Short to mid-term results are available for patients undergoing open reduction of the epiphysis via the surgical dislocation approach. When assessed by validated outcomes measures, most patients report good, if not excellent, hip function [26, 39, 46, 47].

Clinically, patients demonstrate restoration of normal range of motion and radiographically, normal femoral head-neck anatomy is restored and maintained [26, 39, 46]. Reported complications after this procedure include reoperation for prominent, bent, or broken hardware [26, 39, 46] and heterotopic ossification [26]. Two cases of avascular necrosis have been reported, in patients who had no femoral head perfusion at the time of capsulotomy in the index operation [39, 46]. No patient who was observed to have intact femoral head perfusion developed subsequent avascular necrosis [26, 39, 46]. Long term results are not yet available but it is to be expected that open reduction ultimately produces better outcomes than in situ fixation.

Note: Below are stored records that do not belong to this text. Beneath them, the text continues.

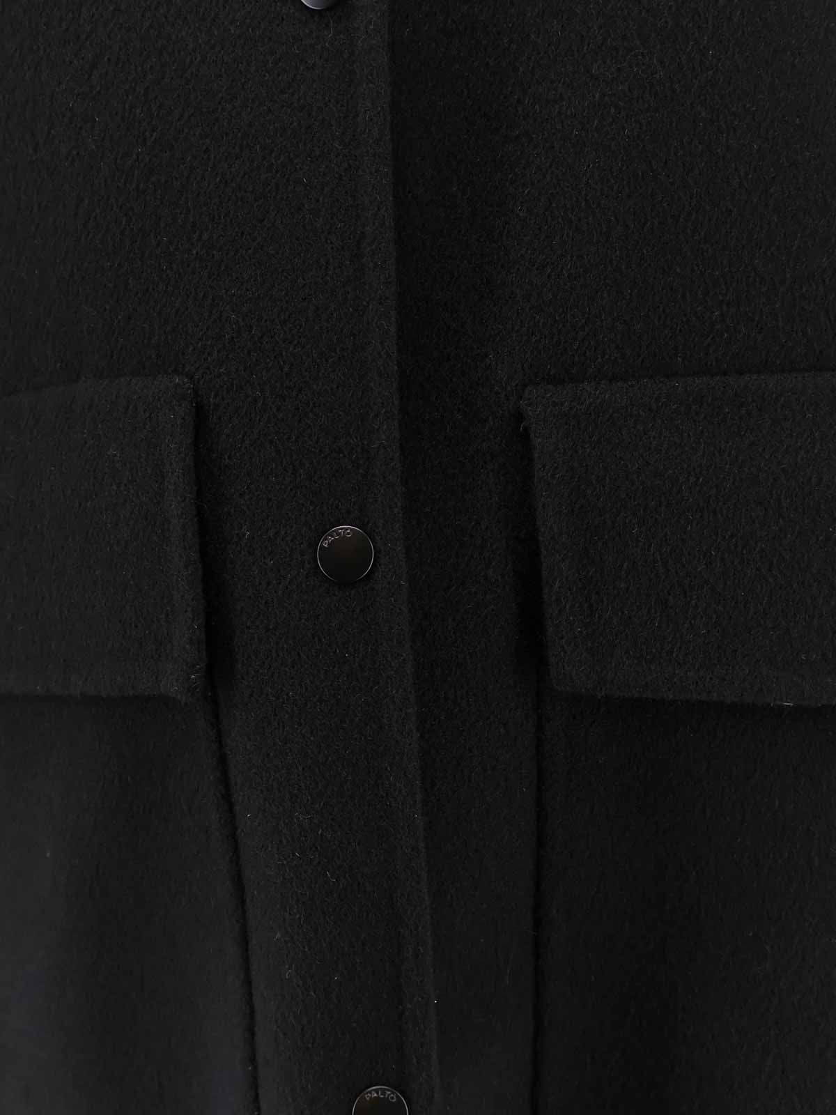 Cierre con botones a presión, cuello puntiagudo, dos bolsillos con solapa en la parte delantera, fabricado en Italia, 100% lana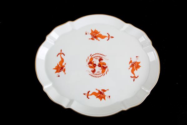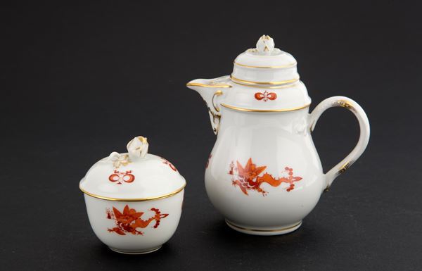 Servizio da caffè tête-à-tête in porcellana di Meissen con motivo drago Ming rosso. Marcato sul fondo di ciascun pezzo. XIX secolo.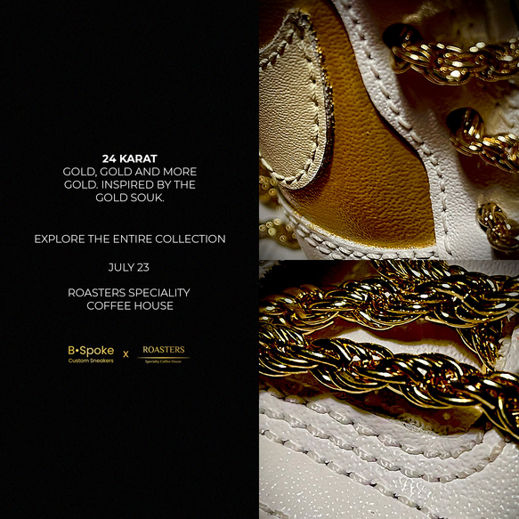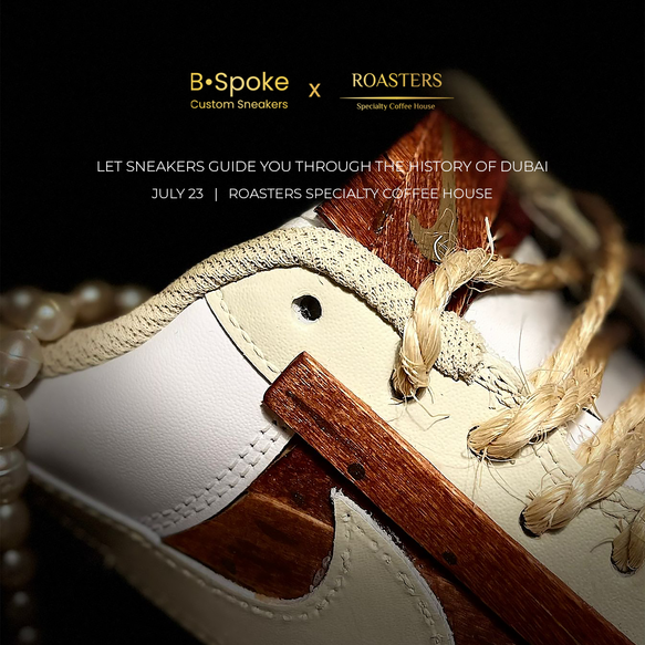 Pieces Of Our Past was an interactive and exclusive single day activation at Roasters Al Wasl, Dubai. Roasters prides itself on it's Emirati heritage and as an ode to this heritage, we collaborated with sneaker designer Richard Cooke to create 4 unique pairs of customised sneakers, each one representing a historic landmark in the UAE that hasn't changed with time. These sneakers were displayed as a gallery, with VIP attendees from the sneaker, design and fashion community attending the pop-up, viewing the sneakers, bidding on them and taking part in a panel discussion about the growth of sneaker culture in the UAE.

Traditionally, SCFE has been associated with both osteonecrosis and chondrolysis. The incidence of osteonecrosis is clearly higher in patients with unstable SCFE [27, 28]. As discussed previously, one speculated cause of osteonecrosis is closed reduction of the epiphysis over posterior callus with subsequent stretching or tearing of the retinacular vessels perfusing the femoral head [18]. Correspondingly, overreduction of an unstable SCFE and attempted reduction of a stable SCFE are both associated with an increased risk of osteonecrosis [7, 21, 28]. Chondrolysis, or rapid destruction of the articular cartilage, was first described for patients with SCFE. It is thought to be the result of unrecognized intra-articular hardware following in situ pinning [3, 7]. However, intraoperative observations of full-thickness cartilage damage, particularly in severe SCFE, indicate that the associated impingement may also be responsible for the rapid progression of arthrosis [5, 39].

Summary

Although SCFE has been recognized and treated by orthopaedists for over a century, significant advances in the understanding and management have occurred in the past decade. In addition to stabilizing the physis, addressing the anatomic deformity to prevent impingement and arthrosis has become an important treatment priority. Although the surgical dislocation and open reduction are technically demanding, safe correction of the physis is now possible and the short to mid-term results are good. Long term results should be similar, but may be influenced by the amount of cartilage and labral damage at the time of surgery.